Graduate Program KB

Clean Code

Chapter 13

Concurrency

  • Decoupling strategy for what gets done and when it gets done

    • Improve throughput and structures of an application
    • Can make systems easier to understand and a way to separate concerns
  • Examples where concurrency is useful

    • System handling one user at a time and requires one second per user
      • As number of users greatly increase, so does response time
    • System interpreting large data sets but only provides solution after processing everything
      • Each data set could be processed in parallel and provide partial solutions as they individually complete

Myths and Misconceptions

  • Common myths / misconceptions:
    • Concurrency always improves performance
      • Can sometimes improve performance, but only when lots of wait time can be distributed between multiple threads / processors
    • Design doesn't change when writing concurrent programs
      • A concurrent algorithm can differ from an algorithm designed for a single-threaded system
    • Understanding concurrency issues is not important when working with a container such as a Web or EJB container
      • Learn how to prevent issues of concurrently updating shared resources and deadlock
    • Concurrency incurs some overhead, both in performance as well as writing additional code
    • Correct concurrency is complex, even for simple problems
    • Concurrency bugs aren't usually repeatable, so they are often ignored
    • Concurrency often requires a fundamental change in design strategy

Challenges

  • Consider the snippet:

    public class X {
        private int lastIdUsed;
        
        public int getNextId() {
            return ++lastIdUsed;
        }
    }
    
  • Suppose an instance of X is created with lastIdUsed set to 42 and shared between two threads, there are many paths:

    • Thread 1 gets 43, thread 2 gets 44, lastIdUsed is 44
    • Thread 1 gets 44, thread 2 gets 43, lastIdUsed is 44
    • Thread 1 gets 43, thread 2 gets 43, lastIdUsed is 43
  • The unpredictable result occurs from the many possible paths that threads can take to generate different results

    • Occurs because threads are accessing and manipulating a shared resource simultaneously

Concurrency Defense Principles

  • Single Responsibility Principle

    • Concurrency design is complex, should be separated from rest of the code
    • Has its own life cycle of development, change and tuning
    • Has its own set of challenges
    • High frequency of producing miswritten concurrency code
  • Limit the scope of data

    • Modifying same resource causes unexpected behaviour, want to restrict critical sections of code
    • The more places shared data gets updated, more likely to:
      • Forget to protect places with critical code
      • More effort to ensure everything is guarded
      • Difficult to determine source of failures
  • Use copies of data

    • Avoid sharing data in the first place, each thread can operate on a copy and then merge results on a single thread
  • Threads should be as independent as possible

    • Write threaded code such that threads don't share data with other threads
    • Omit synchronisation requirements

Execution Models

  • Terminology

    • Bound resources: Resources of fixed size
    • Mutual exclusion: Only one thread can access a shared resource at a time
    • Starvation: A thread or group of threads can't proceed with execution from waiting forever / a long time
    • Deadlock: Two or more threads waiting for each other to finish.
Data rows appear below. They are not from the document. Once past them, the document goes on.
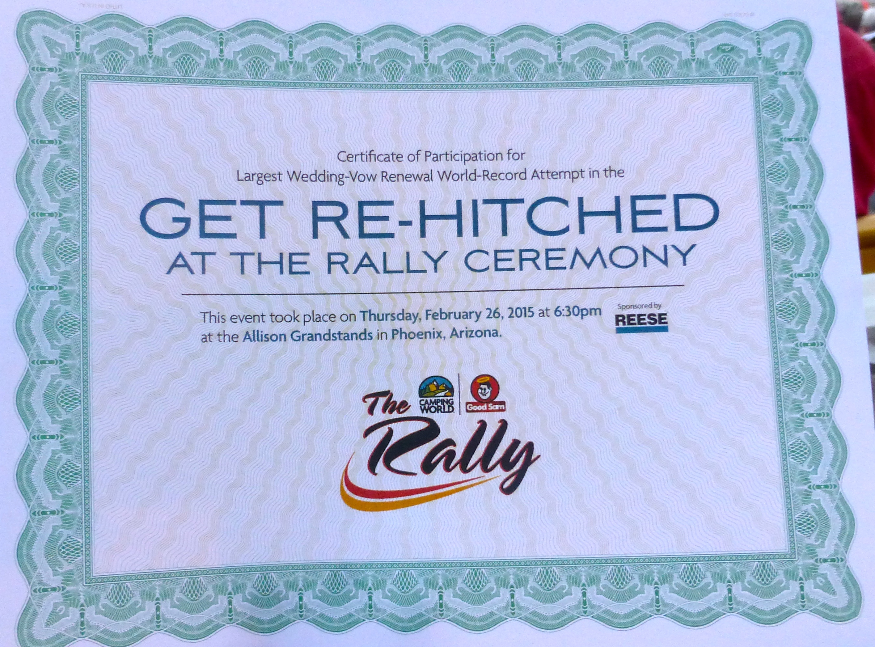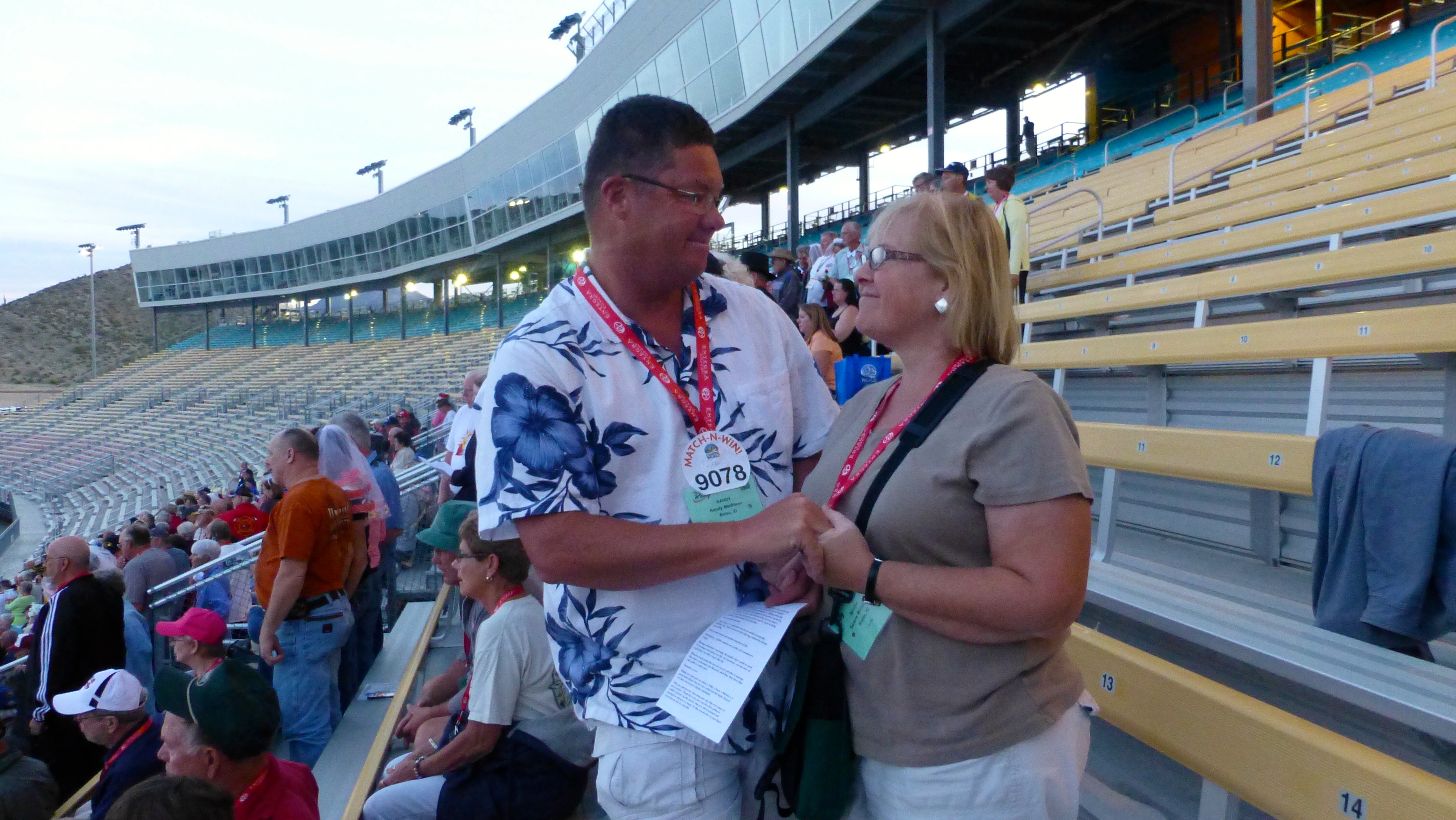 We are at the Good Sam Rally (sponsored by Camping World) being held at Phoenix International Raceway. One of the activities was to try and break the world record (currently 1087 couples) for people getting “re-hitched.” The counting and cross checking marriage license copies has not yet been completed so we don’t know, yet, if we are world record holders.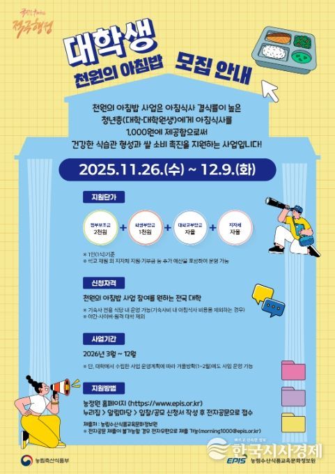 한국시사경제 문화팀 | 농림축산식품부는 전국 대학교와 산업단지 입주기업 또는 협의체 등 조직을 대상으로 2026년도 천원의 아침밥 사업 참여 신청을 11월 26일부터 12월 9일까지 접수한다.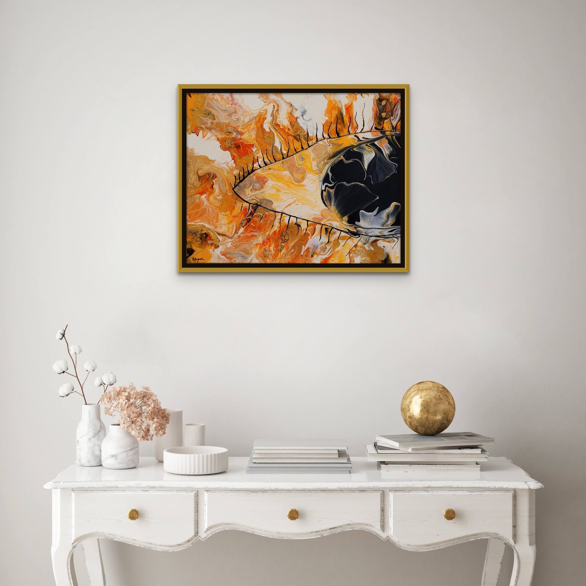 "Eye See You" is a special edition original painting Renata created to celebrate women history month in March 2022. It meshes the figurative and literal translations of "seeing things through the artist's lens. The background is bold yet effeminate through its color and shape, representing women's strength and femininity.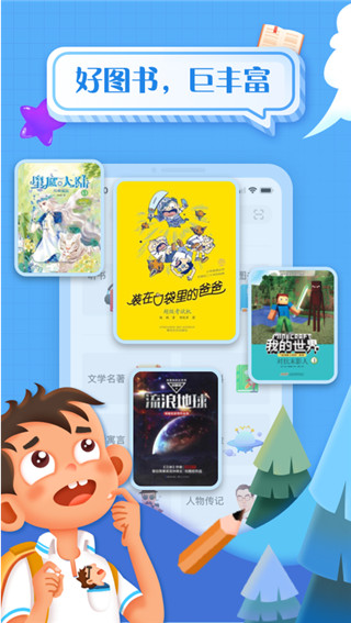 1、汇聚全球36国优秀读物 精选来自全球36个国家的优质图书,涵盖文学名著、童话寓言、科普百科、科幻冒险、少儿启蒙、传统文化、人文艺术、名人励志、学习成长、家庭教育等十大类别,共计20312本优质图书,让全世界的好书,触手可及。 2、分级阅读,让阅读循序渐进 组织强大的教育专家团队与北京师范大学潜心研究,建立了中文分级阅读标准,并将数千本图书根据文本难易度进行了分级。进行分级阅读能力评测的用户,可以依据自己的评测结果阅读能力范围内的书籍,让书籍更适合自己 3、引进新课标必读图书精选版本 引进教育部语文新课推荐图书,独家引进人民文学出版社、二十一世纪出版社等知名出版社精选版本,同时还引进了多种经典系列丛书,如哈佛百年经典、牛津通识读本、牛津英汉双语读物、诺贝尔文学奖作家相关作品、百年百部中国儿童文学经典、沈石溪系列丛书、曹文轩系列丛书、郑渊洁系列丛书等优秀图书。 4、精选书单 精选权威机构和学校推荐书单,让优质阅读有迹可循。如:中国教育部、美国教育部、各地区教育局、权威教育机构推荐书单;人大附中、北师大附中等学校推荐书单。软件亮点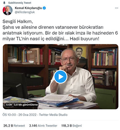 CHP Genel Başkanı Kemal Kılıçdaroğlu, akşam 5:32’de Twitter hesabından “Sevgili halkım, bu akşam saat 22:00'da önemli bir konu hakkında size bilgi vereceğim. Burada buluşmak üzere” notuyla bir paylaşım yaptı.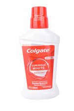 El enjuague bucal Colgate Luminous White de 500ml ayuda a mantener una sonrisa más blanca y brillante mientras combate las bacterias que causan el mal aliento. Su fórmula especial contribuye a remover manchas superficiales y deja una sensación de frescura prolongada en la boca. Ideal para complementar tu rutina de higiene oral diaria.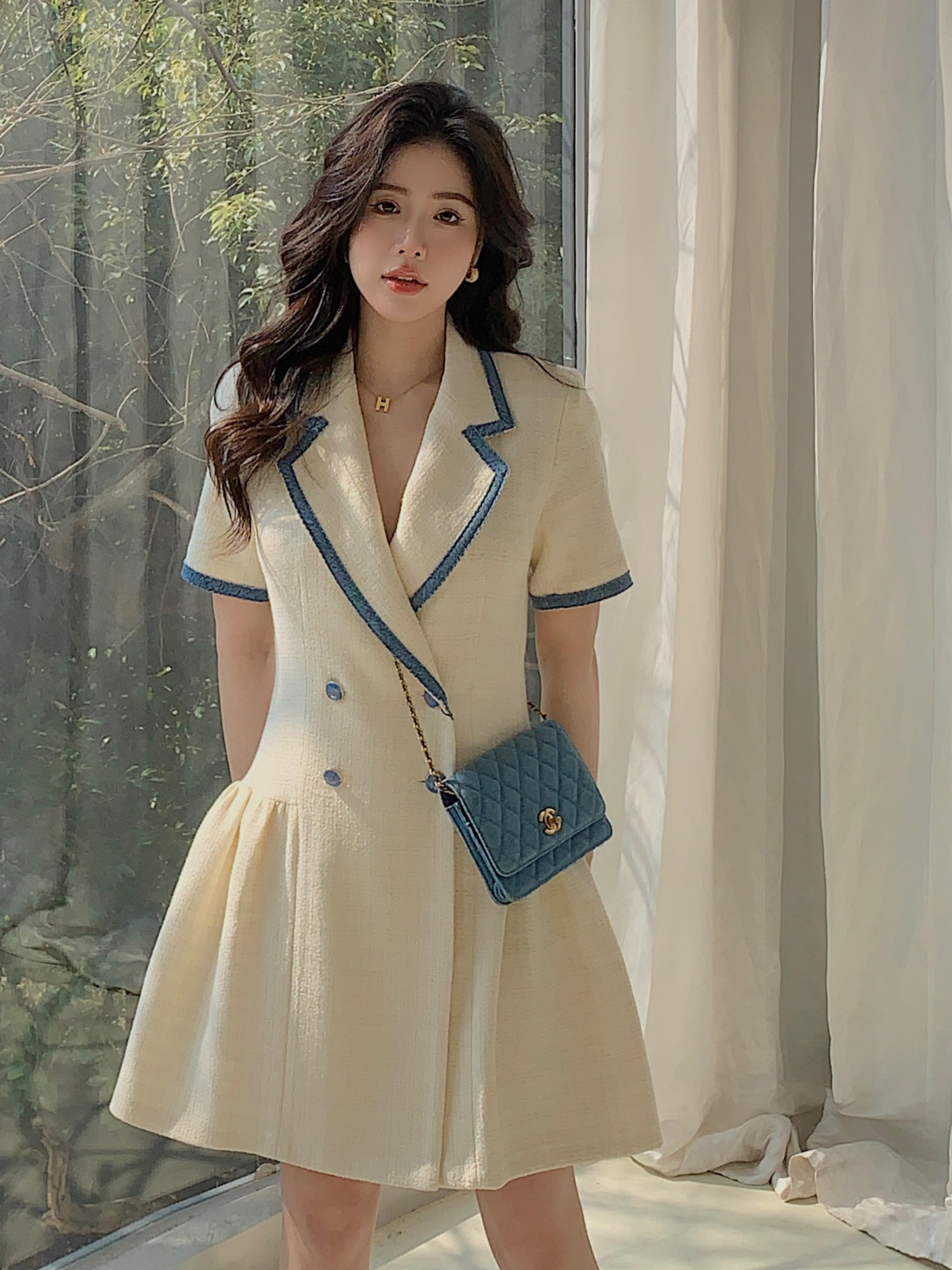 [수입] 센스 블레이즈 트위드 카라 원피스
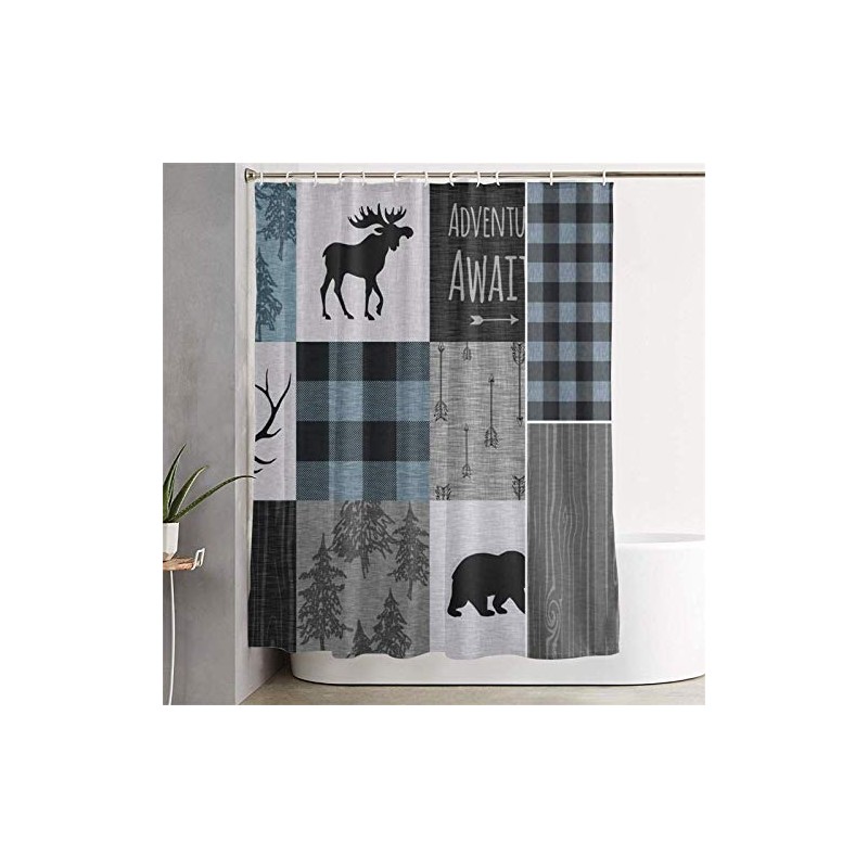Carwayii Retro Rustic Lodge Bear Moose Deer Shower Curtain Polyester Quick Dry Bath Curtain Machine Washable Premium Bathroom Curtain Lightweight Bathroom Accessories for Home Bathroom Decor 72x72Inch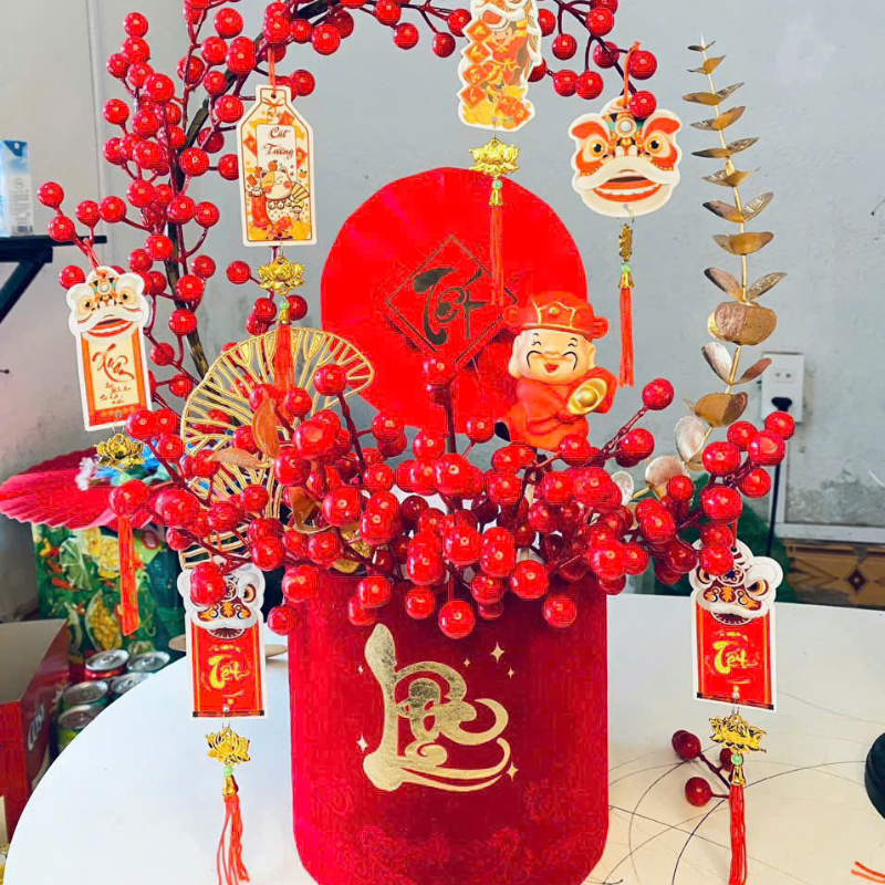 • Cành đỏ xum xuê – tượng trưng tài lộc, phúc khí tràn đầy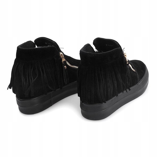 Les Creepers F107 se caractérisent par une hauteur de cale d'environ 6 cm, ce qui affine les jambes et vous offre un confort de marche. Grâce à leur structure légère, ces chaussures sont extrêmement confortables et parfaites pour les longues promenades. Le cuir suédé écologique leur donne un look élégant, et l'accent supplémentaire sous forme de franges les distingue des autres modèles.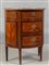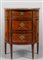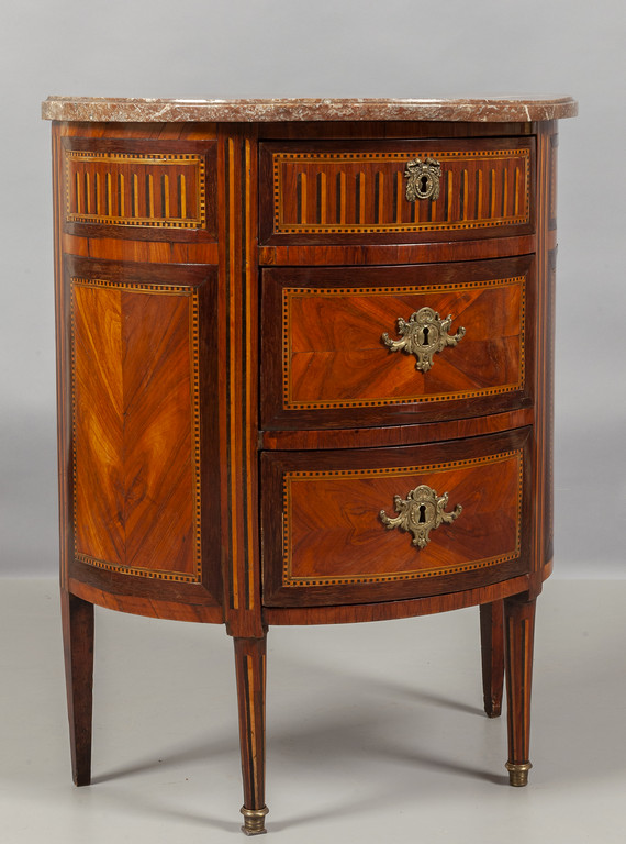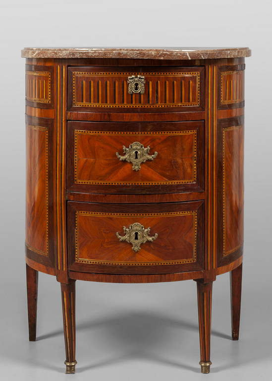 Piccolo comò Luigi XVI a demilune due cassetti grandi ed uno piccolo lastronato ed intarsiato in legni vari Francia fine sec.XVIII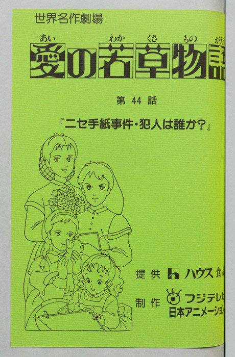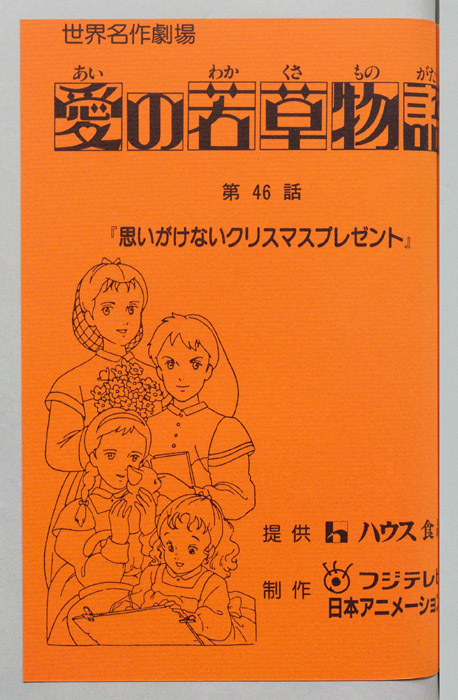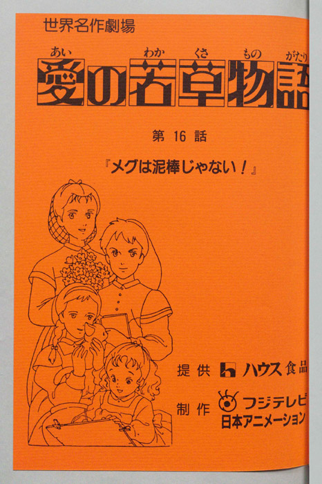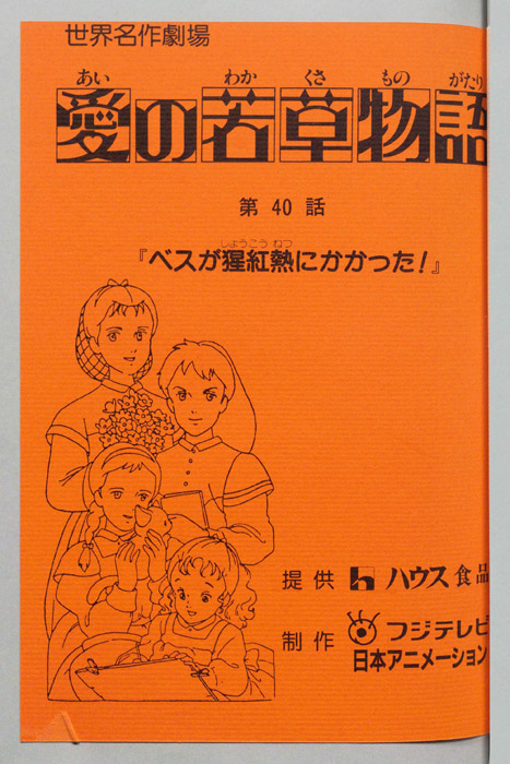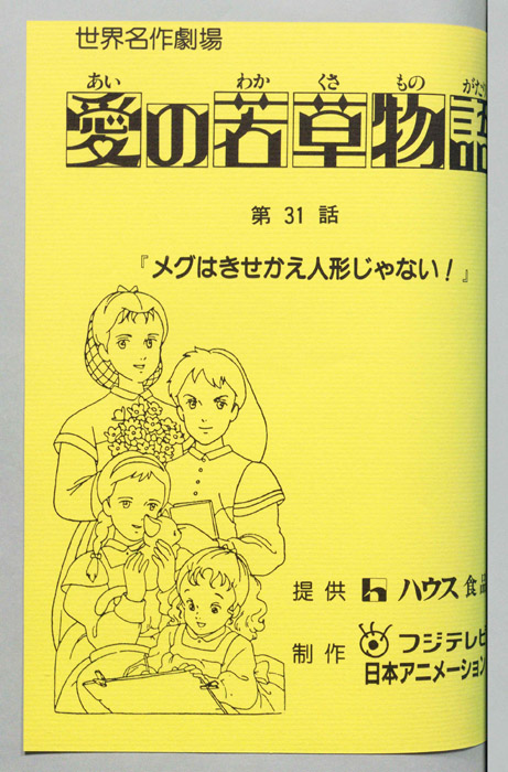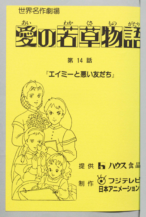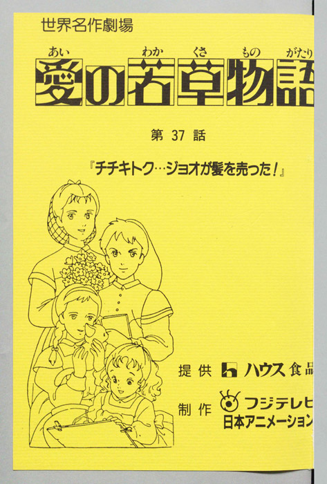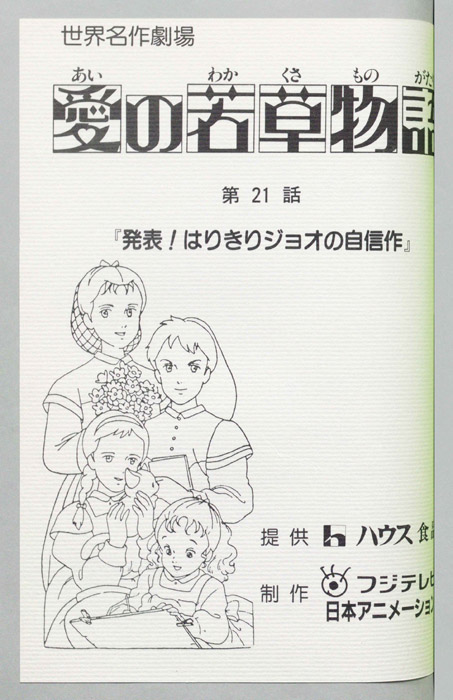 主な出演 : (メグ),(ジョオ),(ベス),(エイミー),(メアリー),(ローリー),(カール),(アンソニー),(ヘンリー),(ジュン),マーサ),(エスター)共に暮らしていた。だが戦火に一家は家を失い、父の叔母マーサを頼ってニューコードに旅立つ。一家はマーサの屋敷に居候するも、ジョオが出会った青年「アンソニー」の計らいで新たに家を借り生活を始める。やがて隣りに住む「ジェームス家」に孫「ローリー」が

The threads depend on obtaining resources from other threads
    • Livelock: Threads in lockstep, each trying to do work but are unable to progress for a long time
  • Producer-Consumer

    • One or more producers create work and places it in a buffer or queue
    • One or more consumer threads get work from the data structure and completes it
    • Bound resource, producers wait for queue to be empty, consumers wait for queue to be non-empty
  • Readers-Writers

    • Writers wait until no readers before performing an update
    • Writers are starved if there are continuous readers
    • If there are frequent writers, they are given priority at the cost of throughput
  • Dining philosophers

    • There are many threads and few resources
    • Essentially, threads compete for the resources which causes some of them to wait for the resource to become available again
    • Can experience deadlock, livelock and low throughput

Dependencies between synchronised methods

  • Avoid using more than one method on a shared object

  • For situations using more than one method:

    • Client-based locking: Client locks the server before calling 1st method and the lock extends to the last calling method
    • Server-based locking: Within the server, create a method locking the server, call all methods then unlock. Client calls new method
    • Adapted server: Create intermediary that performs locking
  • Locks create overhead and delay, keep critical sections as minimal as possible

Extra notes

  • Test for shut down code early, can be difficult to achieve if threads deadlock before receiving a shut down signal
  • Write tests to expose potential problems then run with different program and system configurations
    • Treat spurious failures as candidate threading issues
    • Get non-threaded code passing first
    • Make threaded code pluggable and tunable
    • Run with more threads than processors
    • Run different platforms
    • Try force failures